You add that function to the map as any other: theMap["NULL"] =
Shape::nullFactory;.
- You can make the serialized form smaller and a little faster if you
tokenize the class name identifiers. For example, write a class name only the
first time it is seen, and for subsequent uses write only a corresponding
integer index. A mapping such as std::map<std::string,unsigned>
unique makes this easy: if a class name is already in the map, write
unique[className]; otherwise set a variable unsigned n =
unique.size(), write n, write the class name, and set
unique[className] = n. (Note: be sure to copy it into a
separate variable. Do not say unique[className] =
unique.size()! You have been warned!) When unserializing, use
std::vector<std::string> unique, read the number n, and if
n == unique.size(), read a name and add it to
the vector. Either way the name will be unique[n]. You can
also pre-populate the first N slots in these tables with the N
most common names, that way streams won't need to contain any of those
strings.
[ Top | Bottom | Previous section | Next section | Search the FAQ ]
[36.9] How do I serialize objects that contain pointers to other objects, but those pointers form a tree with no cycles and no joins?
Before we even start, you must understand that the word "tree" does
not mean that the objects are stored in some sort of tree-like data
structure. It simply means that your objects point to each other, and the
"with no cycles" part means if you keep following pointers from one object to
the next, you never return to an earlier object. Your objects aren't "inside"
a tree; they are a tree. If you don't understand that, you
really should read the lingo FAQ
before continuing with this one.
Second, don't use this technique if the
graph might someday contain
cycles or
joins.
Graphs with neither cycles nor joins are very common, even with "recursive
composition" design patterns like Composite or
Decorator. For example, the objects representing an XML document or an
HTML document can be represented as a graph without joins or cycles.
The key to serializing these graphs is to ignore a node's identity and
instead to focus only on its contents. A (typically recursive)

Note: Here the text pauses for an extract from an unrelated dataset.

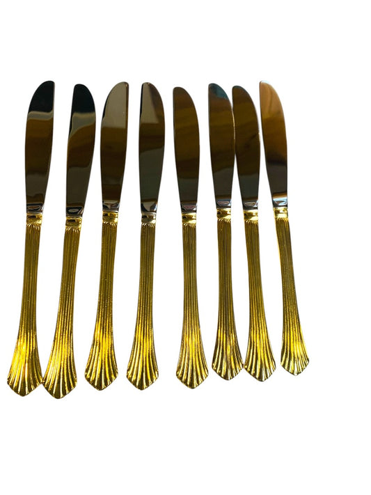Gold Electroplate Vintage Dinner Knife Set of 8 Scalloped 8.7 Inch

algorithm dives through the tree and writes the contents as it goes. For
example, if the current node happens to have an integer a, a pointer
b, a float c, and another pointer d, then you first
write the integer a, then
recursively dive into the child pointed to by b, then
write the float c, and finally
recursively dive into the child pointed to by d. (You don't have to
write/read them in the declaration order; the only essential rule is that the
reader's order is consistent with the writer's order.)
When unserializing, you need a constructor that takes a std::istream&.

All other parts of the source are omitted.